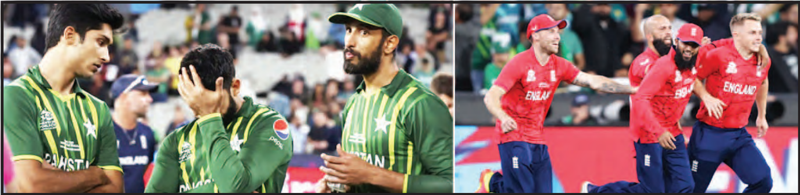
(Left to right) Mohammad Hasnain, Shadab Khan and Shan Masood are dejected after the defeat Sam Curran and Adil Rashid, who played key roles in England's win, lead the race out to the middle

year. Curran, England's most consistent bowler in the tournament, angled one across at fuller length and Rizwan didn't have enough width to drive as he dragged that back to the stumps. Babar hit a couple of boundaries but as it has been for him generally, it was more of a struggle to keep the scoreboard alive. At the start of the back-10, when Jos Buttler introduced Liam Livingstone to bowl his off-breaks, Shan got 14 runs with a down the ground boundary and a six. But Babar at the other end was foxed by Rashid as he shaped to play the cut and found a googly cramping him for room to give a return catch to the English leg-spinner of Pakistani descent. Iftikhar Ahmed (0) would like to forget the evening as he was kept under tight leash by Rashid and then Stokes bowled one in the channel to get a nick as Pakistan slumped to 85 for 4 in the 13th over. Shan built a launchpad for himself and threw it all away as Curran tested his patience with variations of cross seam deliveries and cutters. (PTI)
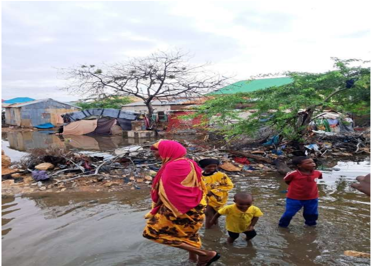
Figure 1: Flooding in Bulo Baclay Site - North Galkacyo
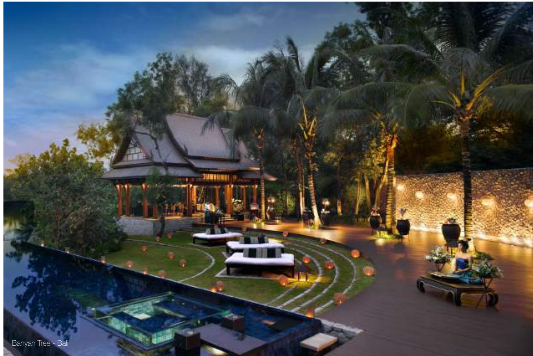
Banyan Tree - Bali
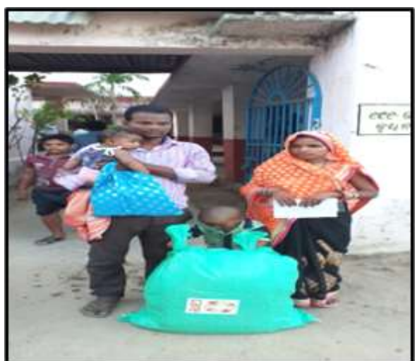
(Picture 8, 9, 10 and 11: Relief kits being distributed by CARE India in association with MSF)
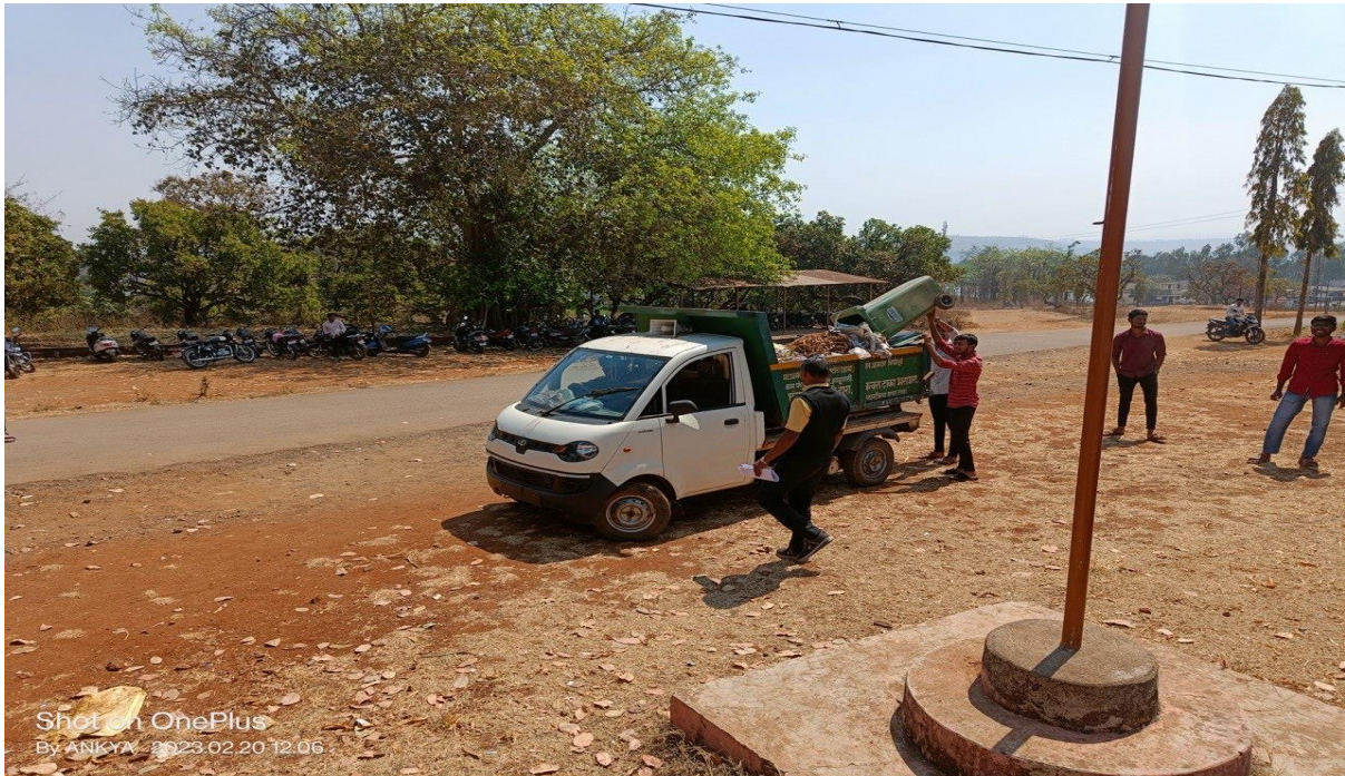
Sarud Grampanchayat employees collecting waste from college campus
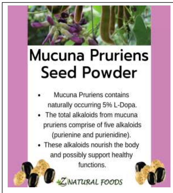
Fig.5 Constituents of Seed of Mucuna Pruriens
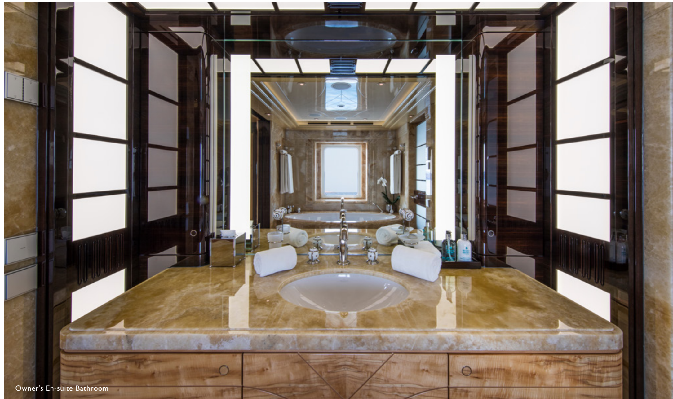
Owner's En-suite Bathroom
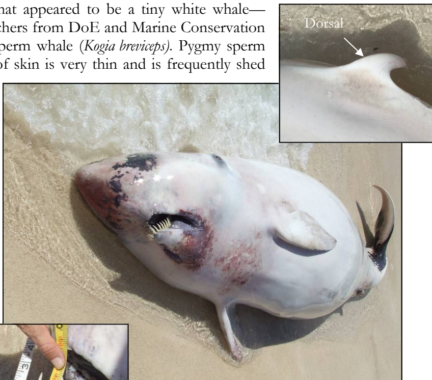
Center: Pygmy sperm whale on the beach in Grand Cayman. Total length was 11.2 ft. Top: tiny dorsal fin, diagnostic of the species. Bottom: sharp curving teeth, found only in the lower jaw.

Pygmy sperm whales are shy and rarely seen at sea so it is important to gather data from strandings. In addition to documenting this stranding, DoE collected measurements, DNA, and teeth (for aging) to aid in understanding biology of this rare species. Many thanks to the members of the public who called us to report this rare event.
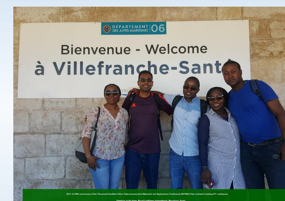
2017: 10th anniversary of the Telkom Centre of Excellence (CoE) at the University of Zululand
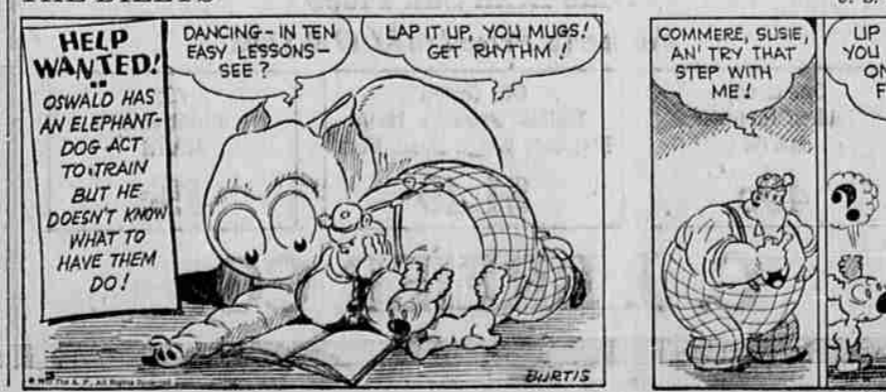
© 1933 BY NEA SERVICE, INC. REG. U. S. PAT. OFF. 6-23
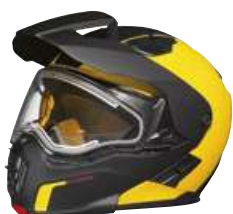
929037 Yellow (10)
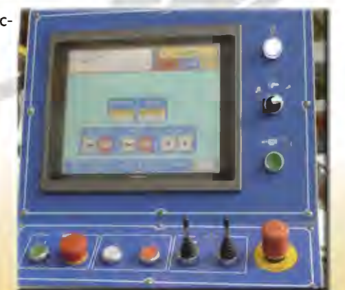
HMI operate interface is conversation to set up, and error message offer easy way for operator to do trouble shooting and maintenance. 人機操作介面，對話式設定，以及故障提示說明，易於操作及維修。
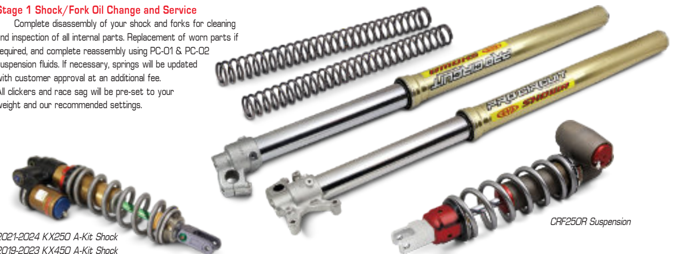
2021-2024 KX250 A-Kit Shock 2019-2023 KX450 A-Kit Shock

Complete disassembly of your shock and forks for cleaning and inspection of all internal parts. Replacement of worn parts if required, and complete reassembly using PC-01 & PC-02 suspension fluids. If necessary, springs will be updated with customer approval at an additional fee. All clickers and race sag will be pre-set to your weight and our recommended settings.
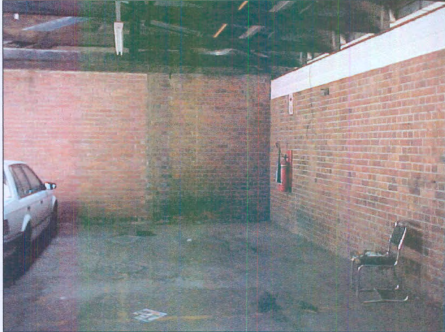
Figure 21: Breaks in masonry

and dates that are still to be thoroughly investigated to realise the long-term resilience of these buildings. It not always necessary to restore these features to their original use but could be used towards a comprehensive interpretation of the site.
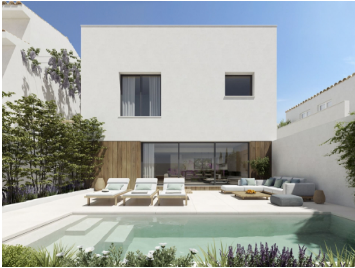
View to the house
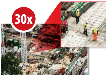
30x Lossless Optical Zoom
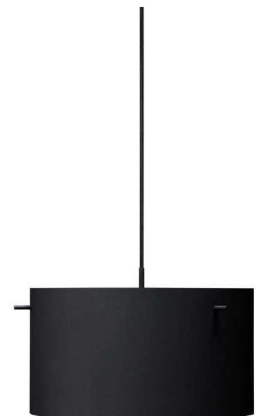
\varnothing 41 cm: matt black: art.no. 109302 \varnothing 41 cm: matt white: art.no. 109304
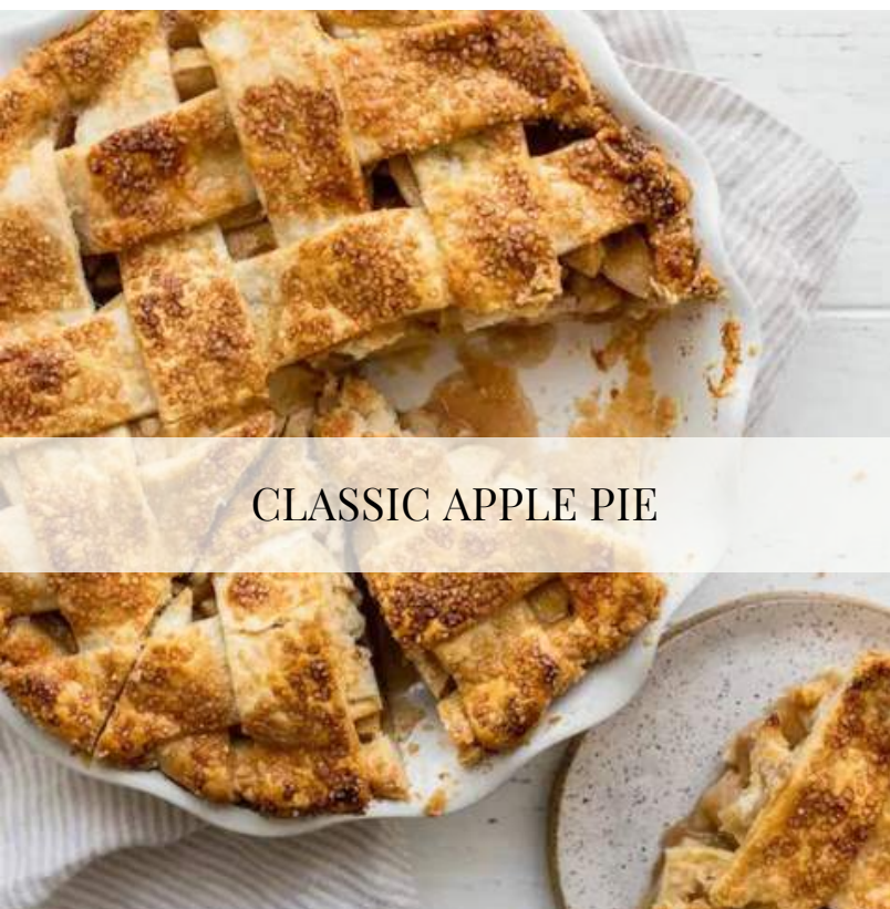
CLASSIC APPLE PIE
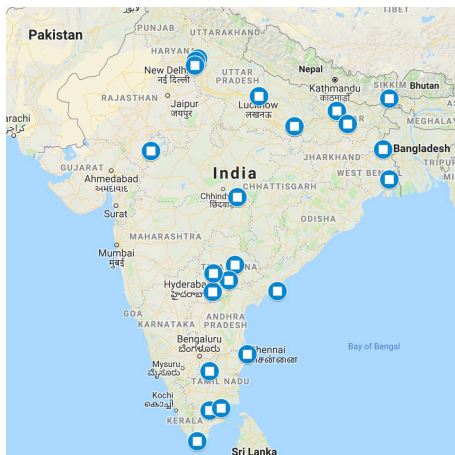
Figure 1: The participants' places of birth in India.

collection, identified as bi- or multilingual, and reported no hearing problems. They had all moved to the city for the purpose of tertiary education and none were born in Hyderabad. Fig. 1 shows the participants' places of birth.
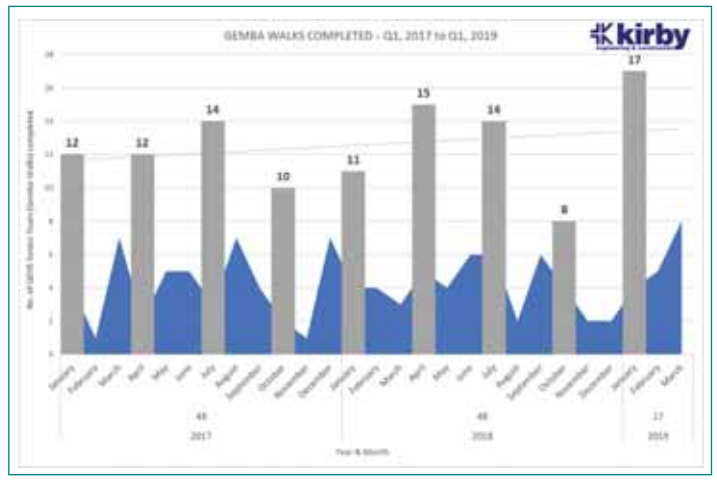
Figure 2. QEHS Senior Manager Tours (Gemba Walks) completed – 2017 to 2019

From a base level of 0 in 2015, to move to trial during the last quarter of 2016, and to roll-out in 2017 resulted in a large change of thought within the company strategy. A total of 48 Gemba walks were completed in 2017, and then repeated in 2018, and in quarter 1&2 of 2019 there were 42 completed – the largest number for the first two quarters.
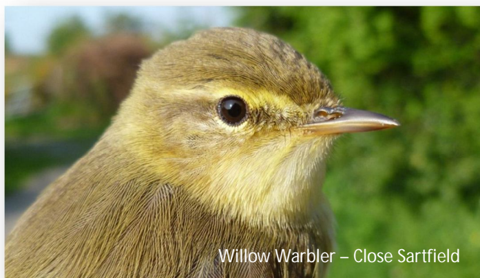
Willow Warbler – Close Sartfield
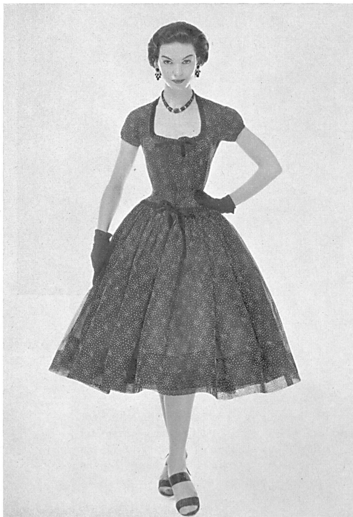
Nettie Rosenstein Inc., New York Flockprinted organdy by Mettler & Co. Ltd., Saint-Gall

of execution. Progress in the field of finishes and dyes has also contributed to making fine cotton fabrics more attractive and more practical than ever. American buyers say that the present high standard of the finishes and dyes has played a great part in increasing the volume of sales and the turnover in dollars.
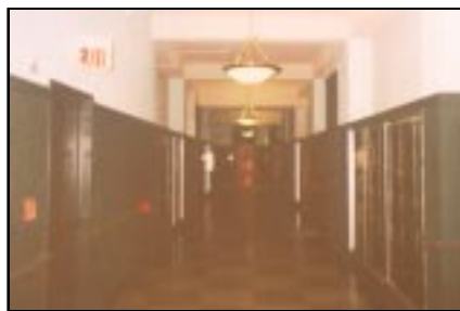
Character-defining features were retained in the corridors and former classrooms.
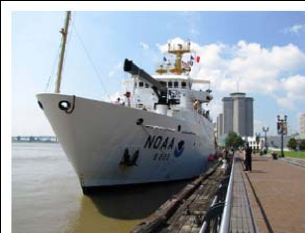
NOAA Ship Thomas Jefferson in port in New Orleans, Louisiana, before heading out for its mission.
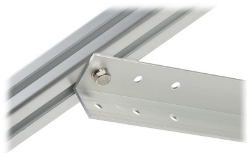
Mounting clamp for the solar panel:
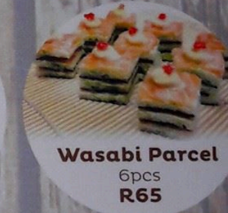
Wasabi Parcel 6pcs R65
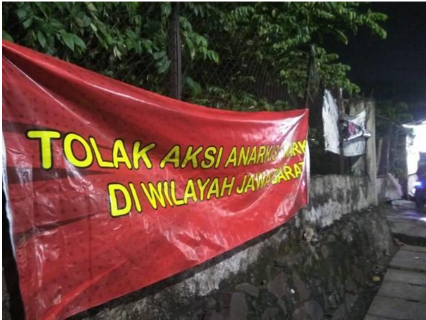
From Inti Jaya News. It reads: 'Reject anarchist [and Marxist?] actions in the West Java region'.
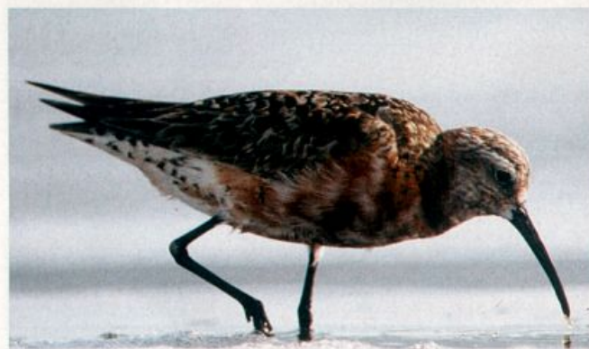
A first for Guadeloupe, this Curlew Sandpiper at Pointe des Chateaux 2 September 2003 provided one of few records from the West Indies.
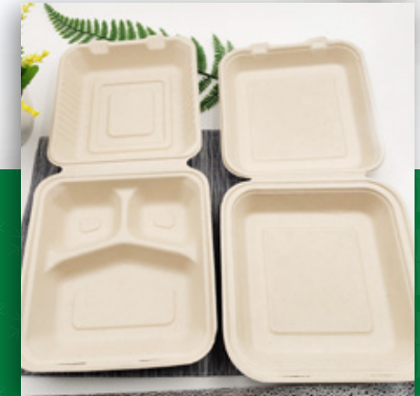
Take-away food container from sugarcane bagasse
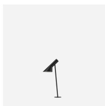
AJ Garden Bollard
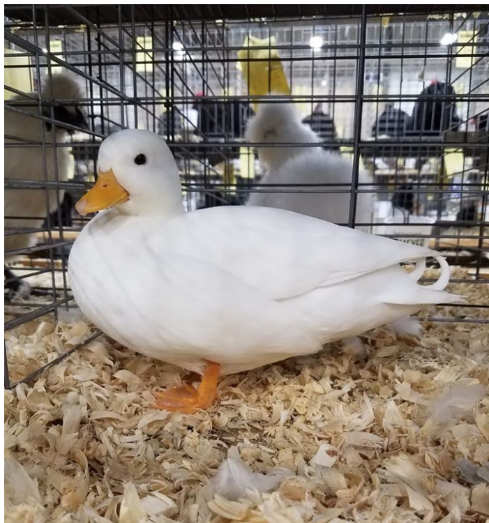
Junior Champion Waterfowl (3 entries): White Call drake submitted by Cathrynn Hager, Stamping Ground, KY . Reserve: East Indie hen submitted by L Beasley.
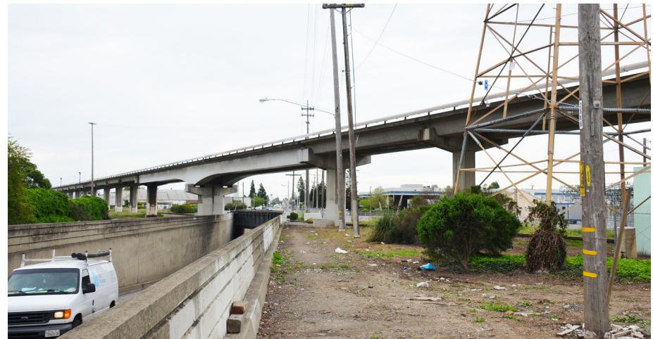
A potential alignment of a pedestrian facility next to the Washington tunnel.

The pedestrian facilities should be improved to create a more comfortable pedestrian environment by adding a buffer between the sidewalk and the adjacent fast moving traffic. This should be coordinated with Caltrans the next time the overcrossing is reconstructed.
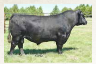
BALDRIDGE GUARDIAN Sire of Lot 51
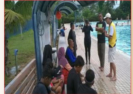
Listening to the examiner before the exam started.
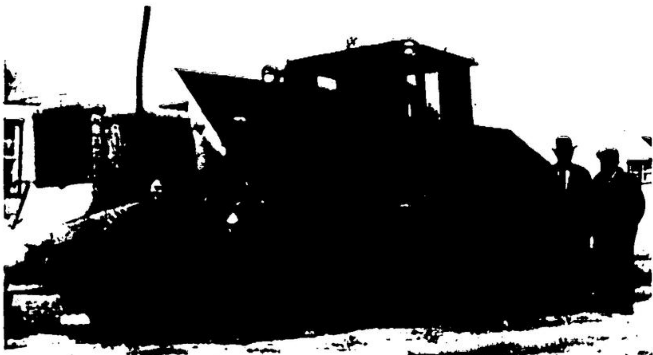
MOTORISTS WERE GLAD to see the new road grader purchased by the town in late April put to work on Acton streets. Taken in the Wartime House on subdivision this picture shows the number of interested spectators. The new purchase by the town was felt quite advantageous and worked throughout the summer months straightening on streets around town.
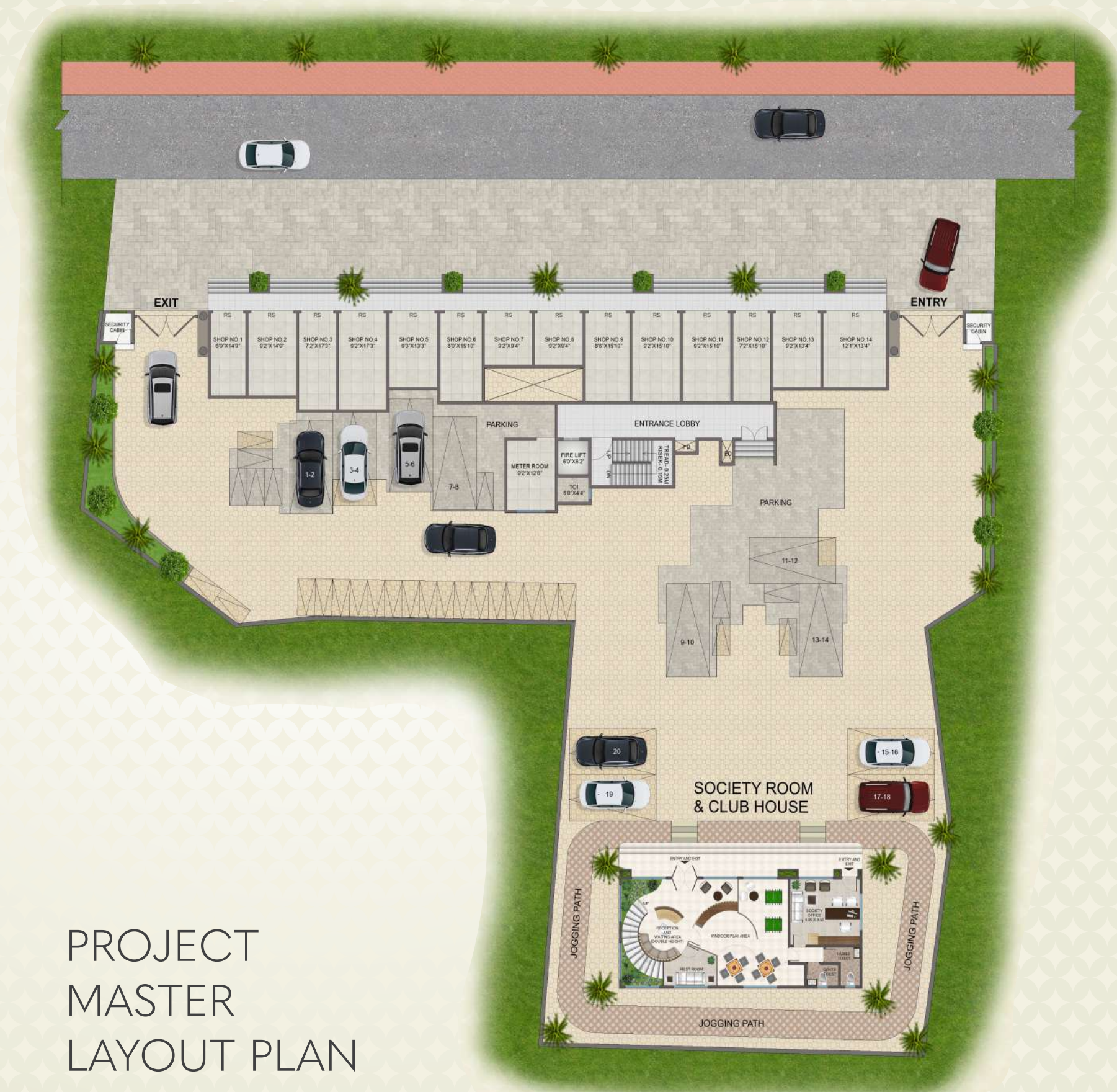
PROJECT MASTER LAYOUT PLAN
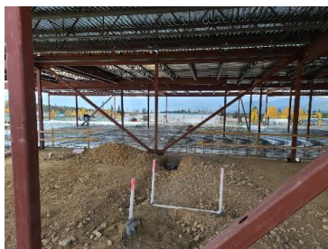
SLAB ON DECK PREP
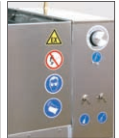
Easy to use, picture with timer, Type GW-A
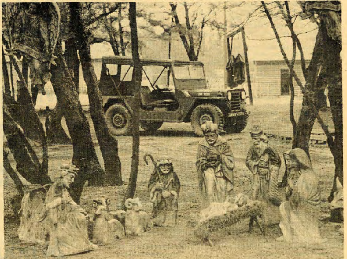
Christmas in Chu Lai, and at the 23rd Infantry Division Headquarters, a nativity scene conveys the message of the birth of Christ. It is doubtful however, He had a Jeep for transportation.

:: Task details ::
Find the line with "Character-defining features were" and the line with "Listening to the" in the records above. Copy both and all lines between them exactly, without pictures.

:: Answer space ::
Character-defining features were retained in the corridors and former classrooms.
NOAA Ship Thomas Jefferson in port in New Orleans, Louisiana, before heading out for its mission.
Mounting clamp for the solar panel:
Wasabi Parcel 6pcs R65
From Inti Jaya News. It reads: 'Reject anarchist [and Marxist?] actions in the West Java region'.
A first for Guadeloupe, this Curlew Sandpiper at Pointe des Chateaux 2 September 2003 provided one of few records from the West Indies.
Take-away food container from sugarcane bagasse
AJ Garden Bollard
Junior Champion Waterfowl (3 entries): White Call drake submitted by Cathrynn Hager, Stamping Ground, KY . Reserve: East Indie hen submitted by L Beasley.
A potential alignment of a pedestrian facility next to the Washington tunnel.

The pedestrian facilities should be improved to create a more comfortable pedestrian environment by adding a buffer between the sidewalk and the adjacent fast moving traffic. This should be coordinated with Caltrans the next time the overcrossing is reconstructed.
BALDRIDGE GUARDIAN Sire of Lot 51
Listening to the examiner before the exam started.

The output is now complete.